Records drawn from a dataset

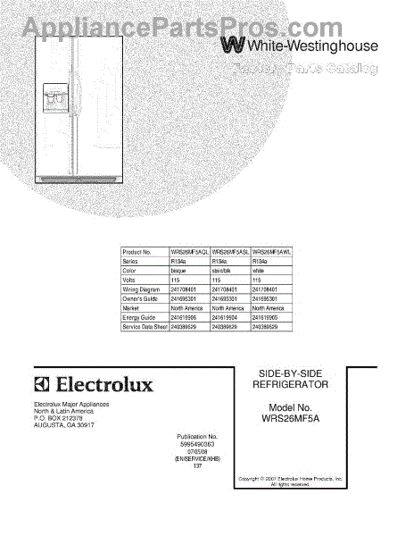 Parts for White Westinghouse WRS26MF5AQL: 01 - Cover Parts
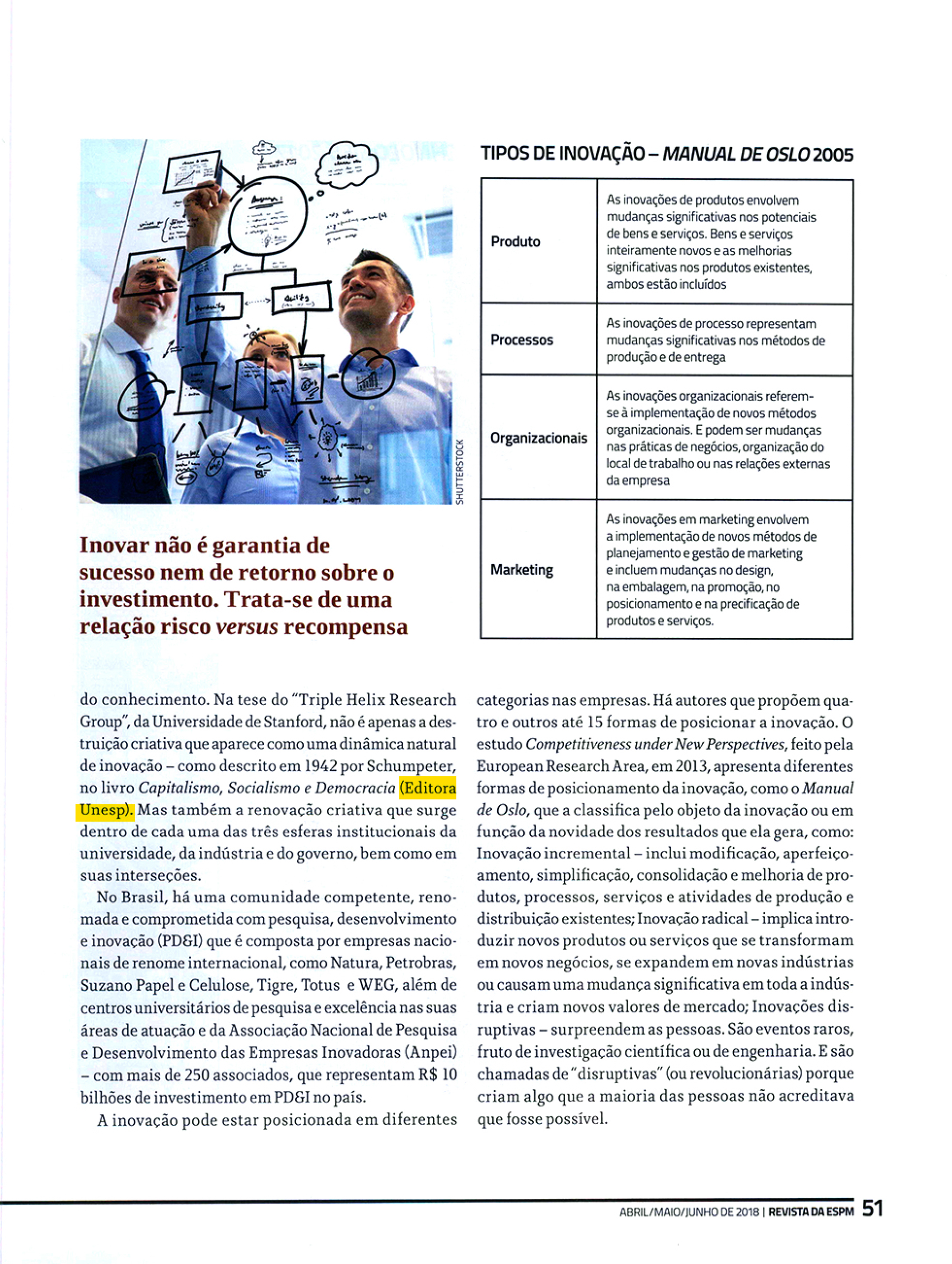 A Revista da ESPM, em matéria sobre revolução industrial e inovação, destacou o livro Capitalismo, socialismo e democracia, de Joseph A. Schumpeter. Capitalismo, socialismo e democracia é o mais famoso livro do teórico austríaco Joseph Schumpeter e a obra que torna seu pensamento inclassificável dentro de correntes econômicas hegemônicas. O autor inicia o texto com um exame crítico do marxismo, dedica-se a um longo elogio analítico do capitalismo, embora preveja razões para seu fim, e investiga as premissas do socialismo e as ligações desse sistema com a democracia.
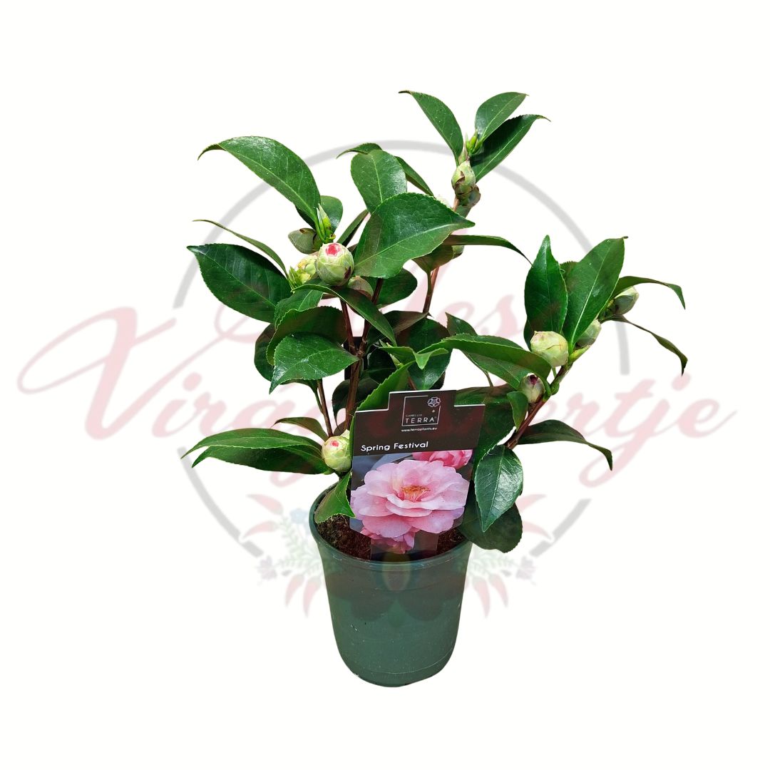 Kamélia többféle színben, 12-es cserépben kapható örökzöld díszcserje, amely elegáns virágaival és fényes lombozatával díszíti a kertet vagy teraszt.
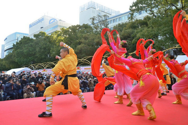The monks of the Shaolin Temple of the Culture and Art Troupe of Henan province demonstrate Shaolin kung fu at the opening ceremony of the 12th Nagoya Chinese Lunar New Year Celebration, Jan 6, 2018. [Photo/Chinaculture.org]
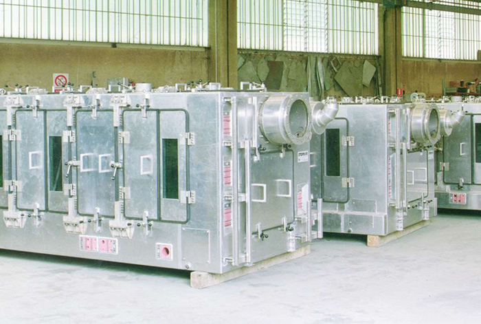 Gabinetes modulares para turbinas propulsoras de gas para transbordadores rápidos. Instalación sobre patines de turbina de gas mediante montaje especial anti-vibración. Aberturas para ventilación forzada. Puertas de acceso e inspección acristaladas en arbustos de bronce especiales. Nivel de presión acústica residual 92 dB (A) a 1 m de condición de campo libre.
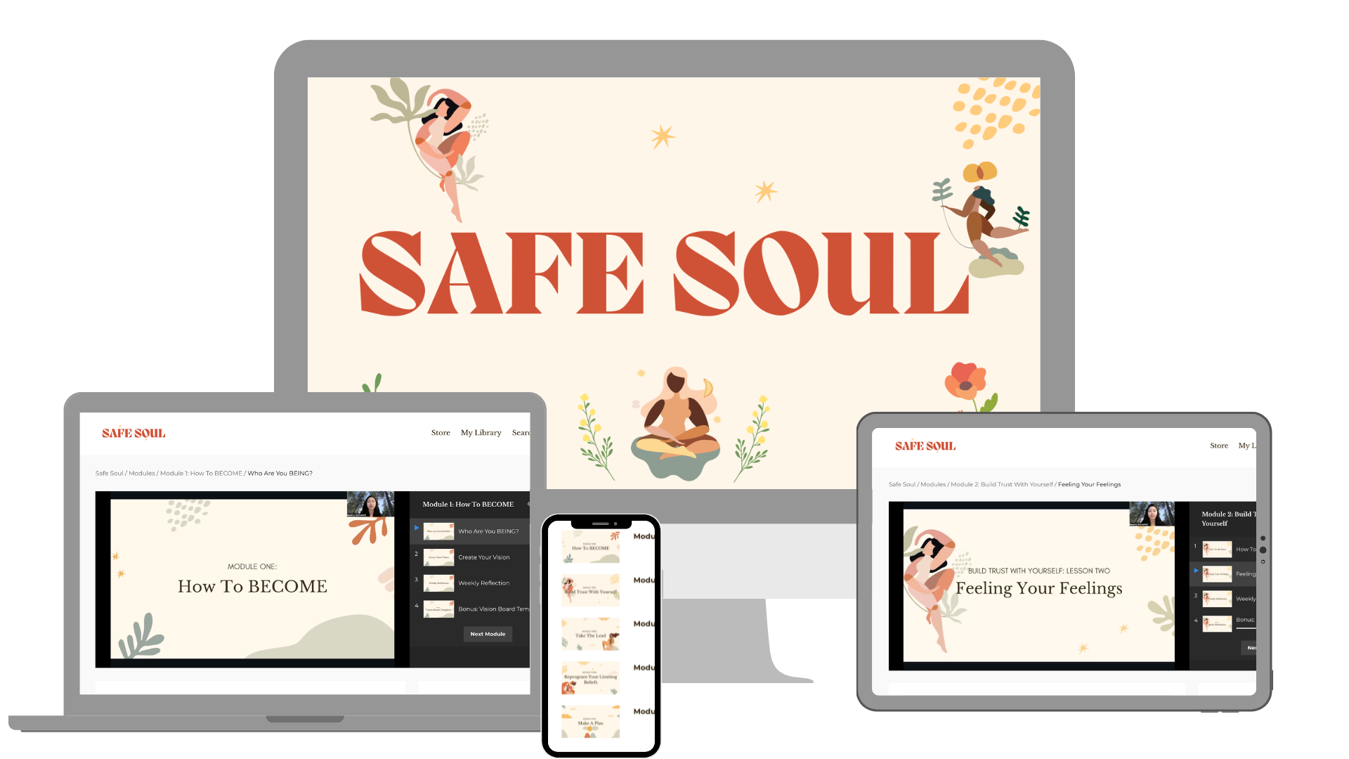 When you enroll in Safe Soul youāll get LIFETIME access to pre recorded supportive video lessons, insightful workbooks + BONUS healing guidesĀ

*WORK REQUIRED*
Leaving out the pictures, return exactly the lines from the one that contains "Kamélia többféle színben, 12-es" through the last line of the records above, inclusive.

*RESULT FOR THIS EXERCISE*
 Kamélia többféle színben, 12-es cserépben kapható örökzöld díszcserje, amely elegáns virágaival és fényes lombozatával díszíti a kertet vagy teraszt.
The monks of the Shaolin Temple of the Culture and Art Troupe of Henan province demonstrate Shaolin kung fu at the opening ceremony of the 12th Nagoya Chinese Lunar New Year Celebration, Jan 6, 2018. [Photo/Chinaculture.org]
 Gabinetes modulares para turbinas propulsoras de gas para transbordadores rápidos. Instalación sobre patines de turbina de gas mediante montaje especial anti-vibración. Aberturas para ventilación forzada. Puertas de acceso e inspección acristaladas en arbustos de bronce especiales. Nivel de presión acústica residual 92 dB (A) a 1 m de condición de campo libre.
 When you enroll in Safe Soul youāll get LIFETIME access to pre recorded supportive video lessons, insightful workbooks + BONUS healing guidesĀ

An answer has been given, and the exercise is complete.